# 1950 Varney Boxcar kit build today.



## NC 100 (Jan 6, 2011)

I'm new here but not new to HO scale model trains. I had a Tyco set since the early 70s. I'm not an expert and still learning. I been trying my hand at craftsman kits lately. My subject matter is the NC & StL that ran a few miles from my house. I saved a 44ton GE from that railroad that is now on display in Cowan,TN. I don't have a layout but plan to use the museums layout in the Cowan NC depot. So I'm doin 1950s NC. Two locomotives I have is an Atlas NC & StL GP7 #707 and Bacman Spectrim 44 ton GE a friend is painting into NC & StL # 100 like the real one I saved. 

So far I have four NC boxcars. Looking for more I picked up a 40ft Varney kit from the 50's. This is one of the yellow stripe NC boxcars. Interesting kit they made back then. Since it was open and missing the directions I decided to build it. Kit had two painted sides made of metal. Each side had and end on it. The paint detail was great for 1950. The sides had tabs and holes for the ladders. Roof was also metal. Floor was plastic with sprung trucks. ladders, brake wheel were plastic. 
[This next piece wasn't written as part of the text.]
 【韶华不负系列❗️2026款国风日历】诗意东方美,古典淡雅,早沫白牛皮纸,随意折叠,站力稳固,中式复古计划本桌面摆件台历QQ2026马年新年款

I found the directions on the net. basically you put the roof walk, ladders, steps, break wheel on then heat up a screwdriver tip and melt the plastic so they can't be pulled through the holes. Once I got the details on the sides and the roof walk done it was time for the doors. They were painted metal like the rest of the kit. They went on well. You had to be careful with them so you didn't scratch the paint. After that was the fun part. putting the sides and roof together. The roof has tabs that went into slots on the sides. With a little luck and patience I got that done. Then I snapped the floor in. Once the floor is in you bend tabs on the sides then screw them down. What that done it all became tight and made it where you couldn't tell they were two parts. Then I had to take the metal steps and put them on the floor. There again I had to eat up a screwdriver tip and melt the plastic to keep the from falling off. Last was glue the break parts, coupler pieces, and last screw the trucks on. I used modern Kadees so it would work with my other cars. 
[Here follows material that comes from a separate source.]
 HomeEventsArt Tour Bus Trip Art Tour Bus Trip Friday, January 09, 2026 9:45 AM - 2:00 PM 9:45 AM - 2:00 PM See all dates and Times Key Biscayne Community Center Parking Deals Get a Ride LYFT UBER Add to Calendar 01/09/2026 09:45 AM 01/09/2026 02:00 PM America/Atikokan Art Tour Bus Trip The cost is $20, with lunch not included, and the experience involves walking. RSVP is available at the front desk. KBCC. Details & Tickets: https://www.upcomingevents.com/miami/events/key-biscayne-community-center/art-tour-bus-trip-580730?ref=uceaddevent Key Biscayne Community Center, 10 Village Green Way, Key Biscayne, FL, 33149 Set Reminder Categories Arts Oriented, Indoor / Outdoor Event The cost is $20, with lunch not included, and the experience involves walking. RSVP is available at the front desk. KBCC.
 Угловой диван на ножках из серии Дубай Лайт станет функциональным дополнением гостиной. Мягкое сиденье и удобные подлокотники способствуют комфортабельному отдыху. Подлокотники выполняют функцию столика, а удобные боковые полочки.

Fun build!! I don't think I'm ready to tackle an old Ambroid kit yet. I do want the Ambroid outside brace caboose! Maybe after time I'll tackle one. Next is a Laser Kit by American Model builders of NC & StL caboose 41. I have it all but the decals which I'll get next time I'm at the museum. I gotta play with my airbrushes and teach myself how to do that. I have an Aztec I bought new a few years ago. Then last year I bought a never used Paash H at a yardsale. I have the blue Testors compressor so I hope it puts enough air pressure to paint with. Later when I get better I'll upgrade. Maybe a Badger? Whats you all fav rig? 

Michael Hale
NCStL # 100


----------



## shaygetz (Sep 23, 2007)

Sweet...I've got a couple of Comet HO kits from 1939 and a '59 Binkley I'll be doing soon. They'd be on the same level as an old Ambroid. Good to see an oldie but a goodie getting appreciated.:thumbsup:


----------



## tjcruiser (Jan 10, 2010)

I'll confess that I only first learned about Varney trains here on the forum just a day or two ago.
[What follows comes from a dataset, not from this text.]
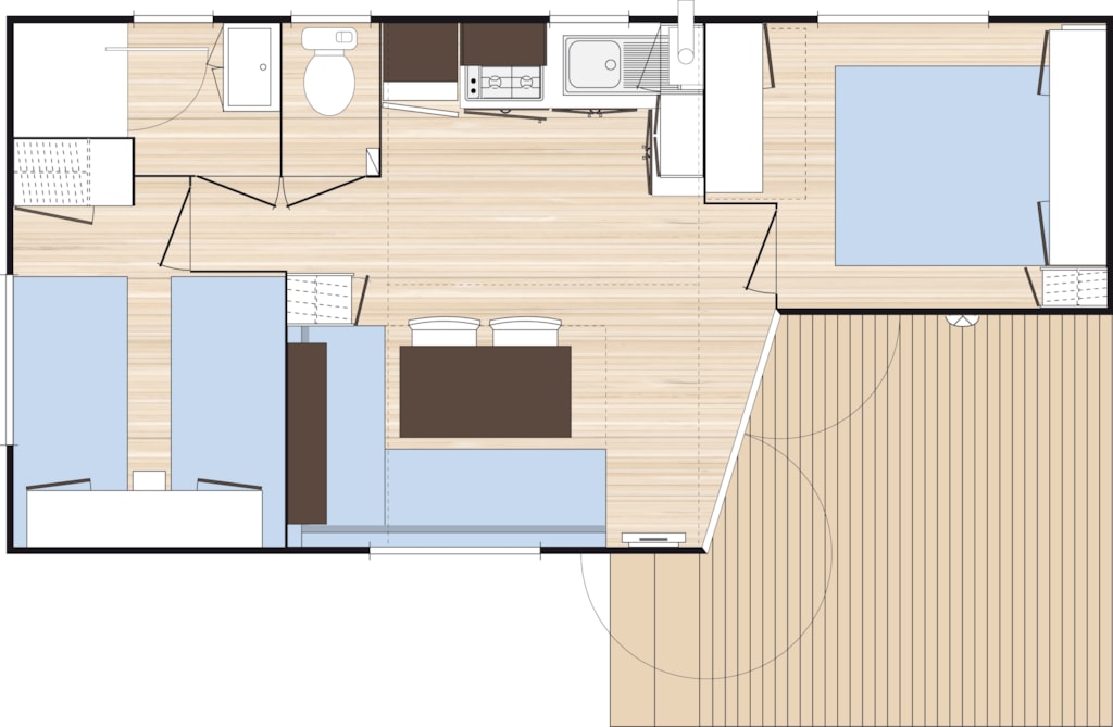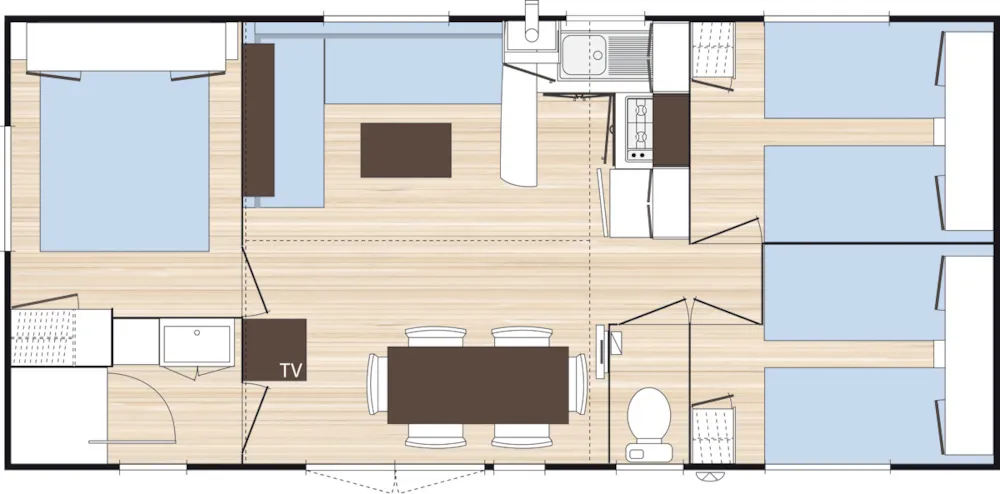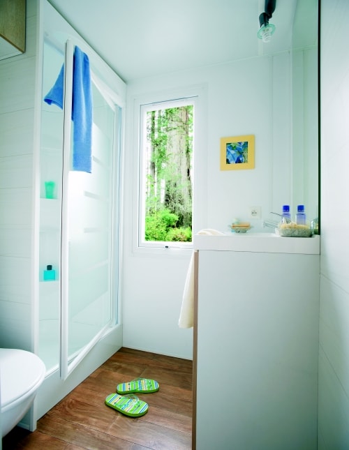 Gönnen Sie sich einen Aufenthalt mit allem Komfort in diesem 29 m² großen Mobilheim HomeFlower Premium mit modernem und gemütlichem Design. Es ist ideal für einen Urlaub mit der Familie oder mit Freunden, bietet Platz für bis zu 4 Personen und umfasst:

Post some pics of those cars! Would love to see 'em and your handiwork.

TJ


----------



## NC 100 (Jan 6, 2011)

I think I'm gonna try to get the Ambroid NCStL outside braced caboose kit and do it next. I have slow internet so give me a day or so and I'll post a picture. I did an Ebay seach and there were a few Varney kits. They go for under twenty bucks. I recomend trying one. They look great when done!!


----------



## NC 100 (Jan 6, 2011)

*Picture*

Here is a quick picture of the Varney 40Ft NC&StL boxcar. I took some more with it and my other boxcars I'll post later. 

Michael


----------



## tjcruiser (Jan 10, 2010)

Nice. Those couplers couldn't have been original to a Varney in the '50's, could they?

TJ


----------



## NC 100 (Jan 6, 2011)

Good eye! You are right! They are brand new kadee #5s. I added them so I could use the car on my layout plus they make it look realistic!!


----------